My Life As A Scrapbooker

By:Ann Norviel

I have been scrapbooking since I was a child. I knew nothing of the importance of using acid-free products, journaling, or using decorative elements. My focus was on putting the photos and memorabilia that were important to me in one place, so that I could look back and remember. My scrapbook was centered on the major events in my young life. The program from the school play. The photograph of me playing bassoon in the district honor band. Prom pictures, souvenir postcards and patches, an invitation to my high school graduation. As a child these were neat things to have. As a teenager these things helped me to identify myself at a time when I wasn’t sure who I was or where I was going. This was a book that was all about me. I could look at it and identify the girl who felt ugly, awkward, and un-datable as pretty, talented, and horribly underrated as a date. My scrapbook was my favorite thing and always a work in progress, as was I.

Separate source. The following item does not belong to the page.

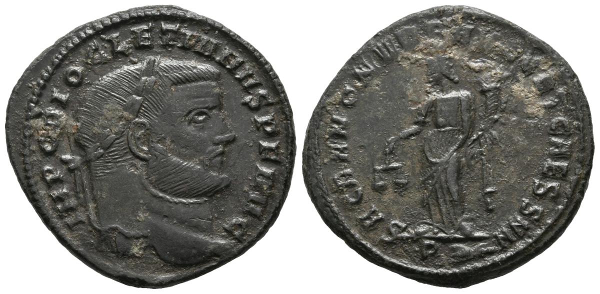DIOCLETIAN. Follis. (Ae. 7.86g / 28mm). 300-303 AD Ticinio. (RIC 45a). Anv: Laureate head of Diocletian on the right, around legend: IMP C DIOCLETIANVS PF AVG. Rev: Moneta standing to left carrying cornucopia and scales, in exergue: PT, around legend: SACRA MONET AVGG ET CAESS NOSTR. Good Very Fine/ Very Fine.

I am still a work in progress, and so is my scrapbook. I stopped scrapbooking for a long time. Photos piled up, books were empty or close to it, and I wasn’t even remotely inspired to start sorting pictures. A few years ago I was hired as a sales associate in a craft store in my area. This was my dream job! I could finger fabric, make bows, arrange flowers and still get paid! The one aisle I was not familiar with was the scrapbook aisle. It was so overwhelming. Hundreds of papers, tons of pens, and enough glue to hold a whole army of men suspended from girders by their hard hats (remember the Crazy Glue commercials?). Why on earth would you need all of this stuff to make a scrapbook? Slowly I started to learn. In my own best interest I always volunteered to demonstrate products or teach classes. My favorites were, surprisingly, scrapbook related. I loved cutting, pasting, and creating something fantastic with photos I already had. I was hooked.

I was content to be an occasional scrapbooker. Then I decided I would make a book for my parents’ 30th anniversary. I obtained photos that spanned their lives, chose papers, and set the album to music. Each lyric had a page and to my surprise the album came together very quickly and came out exactly the way I wanted. All of these things are extraordinary in themselves, but the most profound thing that happened was that I changed while doing this book. Alcoholism has run in my family for generations. This cycle has been broken with my parents’ generation, but not until I was nearly 22. When I looked back on my childhood, even with that fantastic first scrapbook that I had created, I couldn’t remember the good times we had all had together. My memories felt tainted. But when I looked at my parents as children, as young adults, as first time parents, I saw things I had never seen before. Most importantly I remembered, with perfect, untainted clarity, the good times. I cried all over that scrapbook. I laughed until my sides hurt. I was able to heal. In this most important way, scrapbooking has changed my life.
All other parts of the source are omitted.